(Excerpts from a dataset)
----
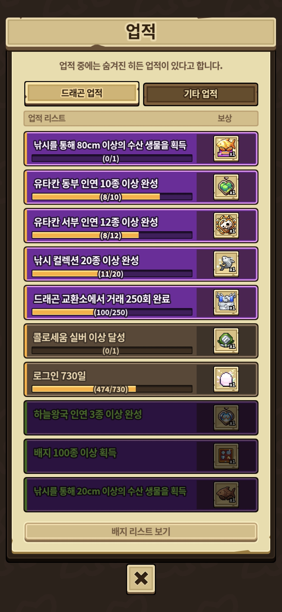 유타칸 서부와 동부의 인연이 각각 13개, 26개 완성했습니다. 그런데 업적에는 8개만 인정되었습니다.
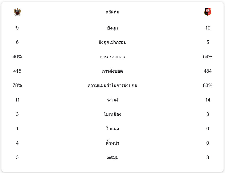 แรนส์ครองบอลมากกว่า 54% เทียบกับ 46% ของนีซ แต่ความแม่นยำในการส่งบอลของนีซอยู่ที่ 78% ขณะที่แรนส์ทำได้ 83% ทั้งสองทีมมีโอกาสยิงใกล้เคียงกัน แต่แรนส์เสียเปรียบในจังหวะสุดท้าย
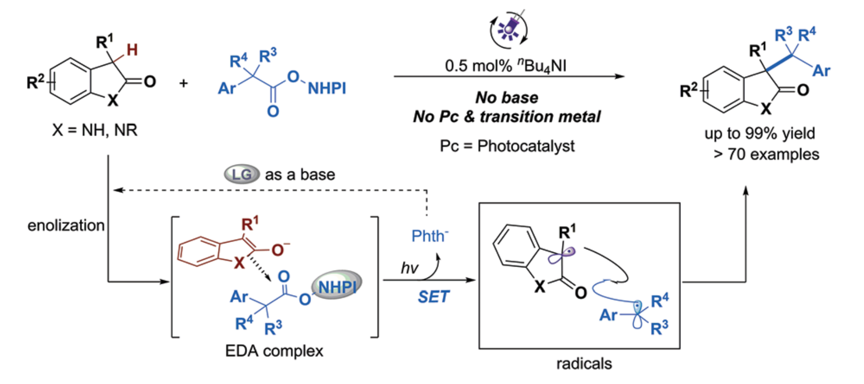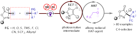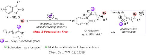 2. 发展小分子催化的高选择性、高效性的自由基(光化学或电化学)参与的不对称合成方法学
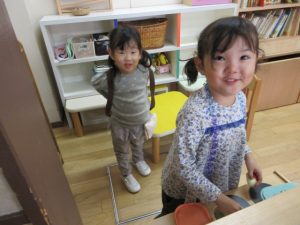 🧡机と椅子を並べて、大好きなお人形で遊びました
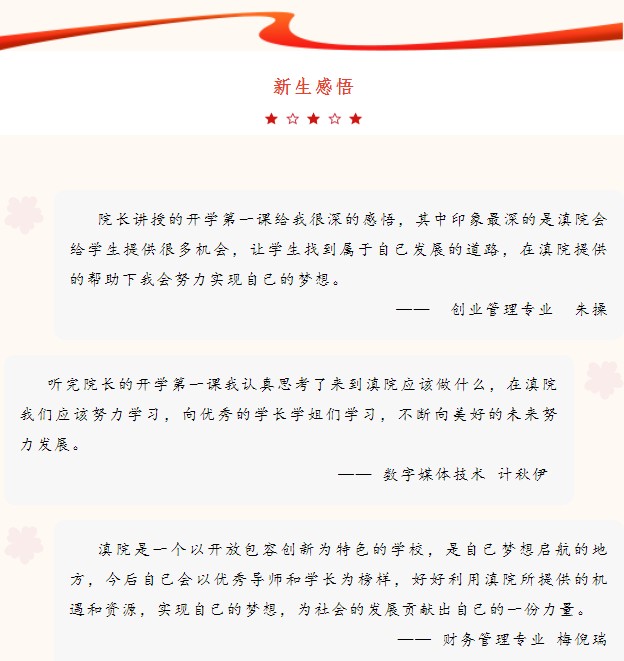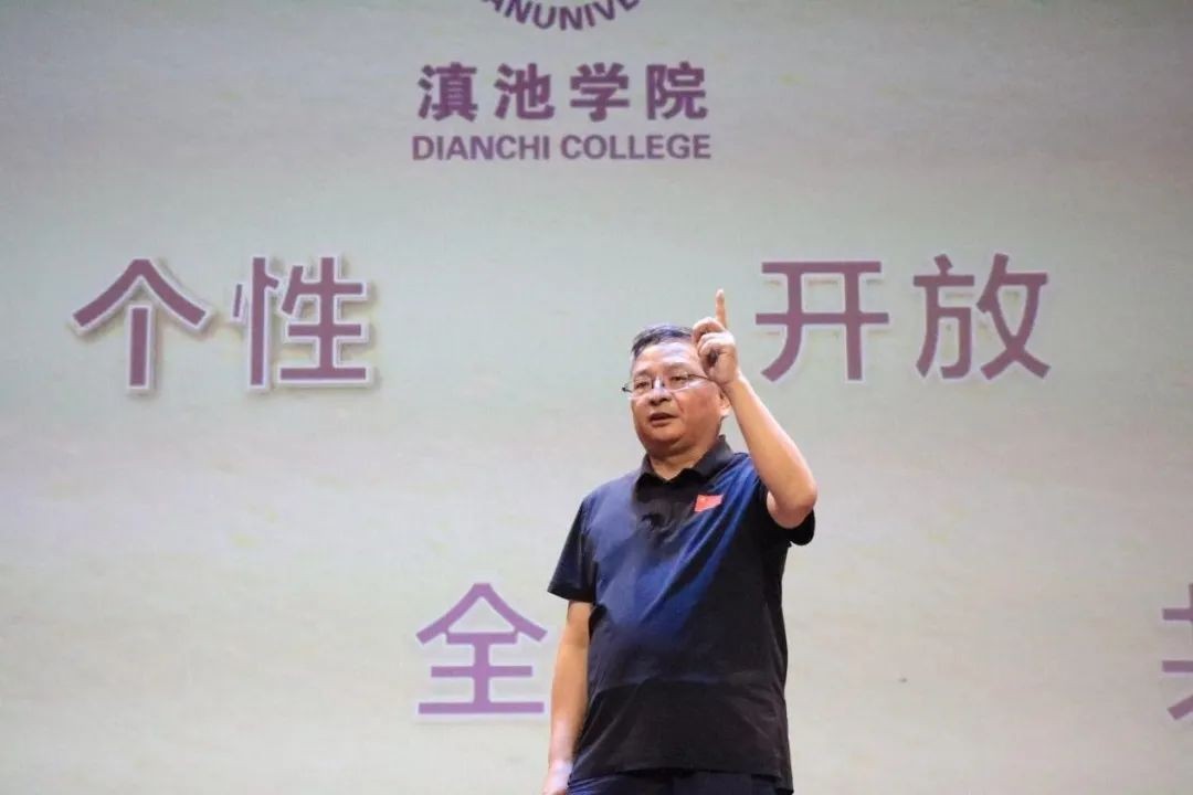 马杰院长首先代表学校和全体师生员工,欢迎新同学们从祖国的四面八方来到美丽的彩云之南,来到四季如春的昆明,来到大爱无疆、梦想起航的滇池学院。
----
● EXERCISE GOAL: Where the line containing "2. 发展小分子催化的高选择" appears in the data above, begin there and output every line through the last, exactly and without pictures.

● TASK SOLUTION:
 2. 发展小分子催化的高选择性、高效性的自由基(光化学或电化学)参与的不对称合成方法学
 🧡机と椅子を並べて、大好きなお人形で遊びました
 马杰院长首先代表学校和全体师生员工,欢迎新同学们从祖国的四面八方来到美丽的彩云之南,来到四季如春的昆明,来到大爱无疆、梦想起航的滇池学院。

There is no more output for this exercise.